Your 401k plan -- or your 403b or 457, depending on where you work -- is regarded as an employer-sponsored pension plan by the IRS. You still can contribute to a traditional IRA or a Roth IRA, but participating in the 401k reduces your opportunity to get a tax deduction for your IRA contributions.
For 2010 and 2011, you can contribute up to $5,000 -- plus another $1,000 if you're age 50 or older -- to an IRA. The limit applies to either a traditional IRA or to a Roth IRA, but you can't contribute the full amount to both. You can split your contribution between a traditional IRA and a Roth as long as your total contribution does not exceed the IRS limit.

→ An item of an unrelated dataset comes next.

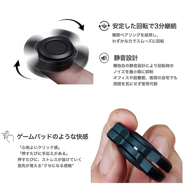 よく回る金属製の高級フィジェットトイ<br><br> スピンで集中、クリックで落ち着き、スライドで思考を流す──<br> 大人のための手遊びグッズとして、デスクワーク中のストレス発散や暇つぶしに最適<br><br> EDC(Everyday Carry)として持ち歩けるコンパクト設計で、<br> 静音・無音の構造がどんな場所でも快適な操作感を実現<br><br> ADHD対策・リラックス・集中補助など、多用途に使える<br> “手持ち無沙汰解消グッズ”として人気上昇中<br>

Regardless of your participation in a 401k plan, all Roth IRA contributions are after-tax contributions. The IRS annually sets income limits restricting tax deductions for traditional IRA contributions if you have a 401k. For 2011, the limits have been slightly increased. If you are single, your income must be no more than $56,000 to deduct your entire IRA contribution. You can make a partial deduction if your income is less than $66,000. If you are married filing jointly, the income limit for a full deduction is $90,000 and up to $110,000 for a partial deduction.
Roth Income Limits
There are income limits on Roth IRA contributions regardless of your participation in a work pension plan. To make a full Roth contribution in 2011, your income must be no more than $107,000 if you are single and no more than $169,000 if you are married filing jointly. The range for partial contributions runs up to $122,000 for single taxpayers and $179,000 for married taxpayers.

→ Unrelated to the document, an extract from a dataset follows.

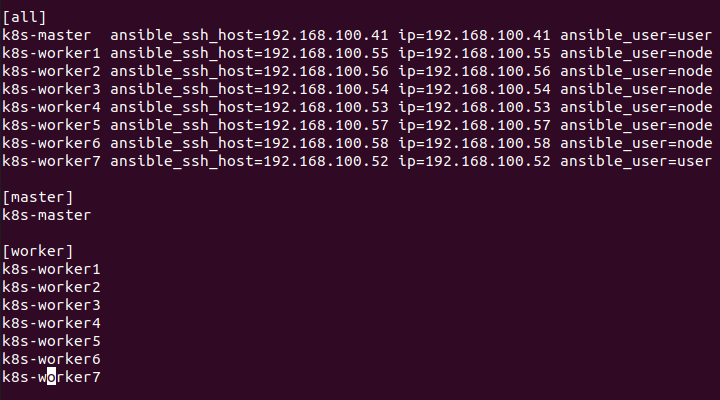 [all] 그룹과 [master] , [worker] 그룹을 생성 해 주었습니다.

There are no income restrictions for after-tax contributions to a traditional IRA. So, if your income is too high to make a Roth contribution, you can put money in an after-tax traditional IRA instead. The earnings on those contributions can grow tax-deferred, and you will pay taxes only on the investment growth -- not the contribution -- when you take a distribution. Beginning in 2010, though, the income restrictions regarding conversions from a traditional IRA to a Roth were lifted . So, you can make an after-tax traditional IRA contribution and convert it immediately to a Roth. It's important that you closely follow IRS guidelines for IRA conversions.
You can make IRA contributions for any tax year until your tax-filing deadline. That's April 18, 2011, for Tax Year 2010 or Oct. 17, 2011, if you file for an extension. Make sure your IRA administrator knows the tax year to which your contribution should be credited.